Consider the example:

$\frac{x + 3}{{x}^{2} - 3 x + 2} = \frac{x + 2}{{x}^{2} - 4 x + 3}$

We could choose to "cross multiply" the equation to get:

$\left(x + 3\right) \left({x}^{2} - 4 x + 3\right) = \left(x + 2\right) \left({x}^{2} - 3 x + 2\right)$

That is:

${x}^{3} - {x}^{2} - 9 x + 9 = {x}^{3} - {x}^{2} - 4 x + 4$

Subtract ${x}^{3} - {x}^{2}$ from both sides to get:

$- 9 x + 9 = - 4 x + 4$

Add $4 x - 4$ to both sides to get:

$- 5 x + 5 = 0$

Divide both sides by $5$ to get

$- x + 1 = 0$

Hence $x = 1$

But try putting $x = 1$ in the original equation and you will find both denominators are zero.

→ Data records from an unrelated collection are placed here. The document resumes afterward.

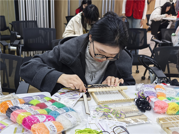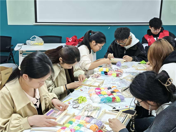 过程中,支部同学纷纷迸发创意,把对精神的感悟、对传承的思考织入经纬,创作出一件件独具特色的主题织造作品。到了后续的互动研讨环节,大家更是畅所欲言 —— 有人分享动手实践的鲜活体会,有人畅谈对纺织精神的深刻理解,这份厚重的传承,也在思想的碰撞与交融中真正落地生根、枝繁叶茂。
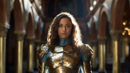 Superhero woman with blonde ponytail, red cape, and determined pose against cloudy sky
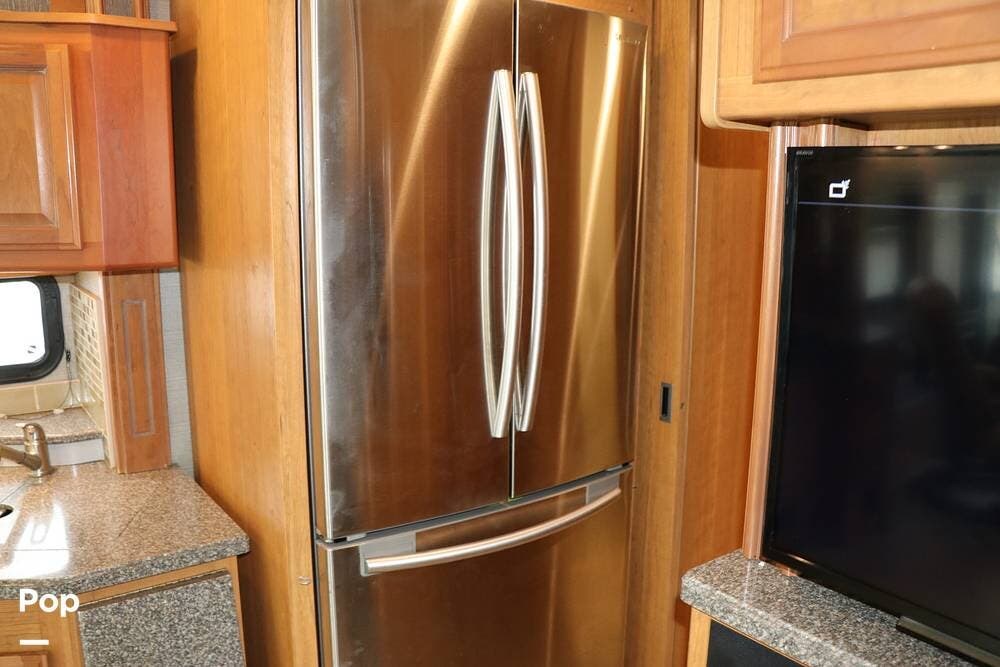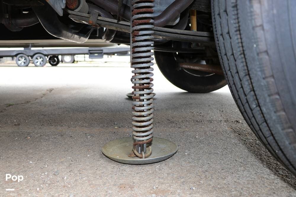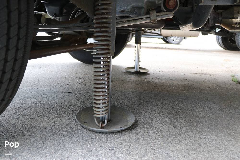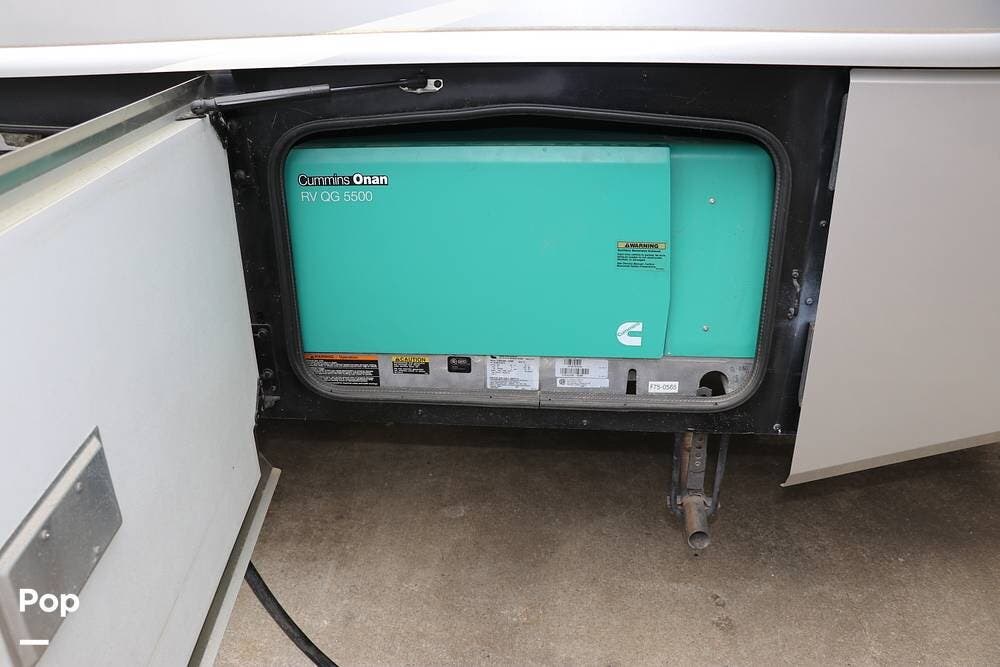 Items of note: Automatic Hydraulic Leveling Jacks, Onan Quiet Gas 5500 Watt Generator, Upgraded 15,000 BTU Dual Ducted Front/Rear Air Conditioners, and Residential Stainless Steel Refrigerator. The rear-mounted ladder makes for quick and easy access to the roof.

What went wrong here is that both $\left({x}^{2} - 3 x + 2\right)$ and $\left({x}^{2} - 4 x + 3\right)$ are divisible by $\left(x - 1\right)$, so cross multiplying by them included the effect of multiplying both sides by ${\left(x - 1\right)}^{2}$ - not only clearing $\left(x - 1\right)$ from the denominator, but adding an extra factor of $\left(x - 1\right)$ on both sides of the equation.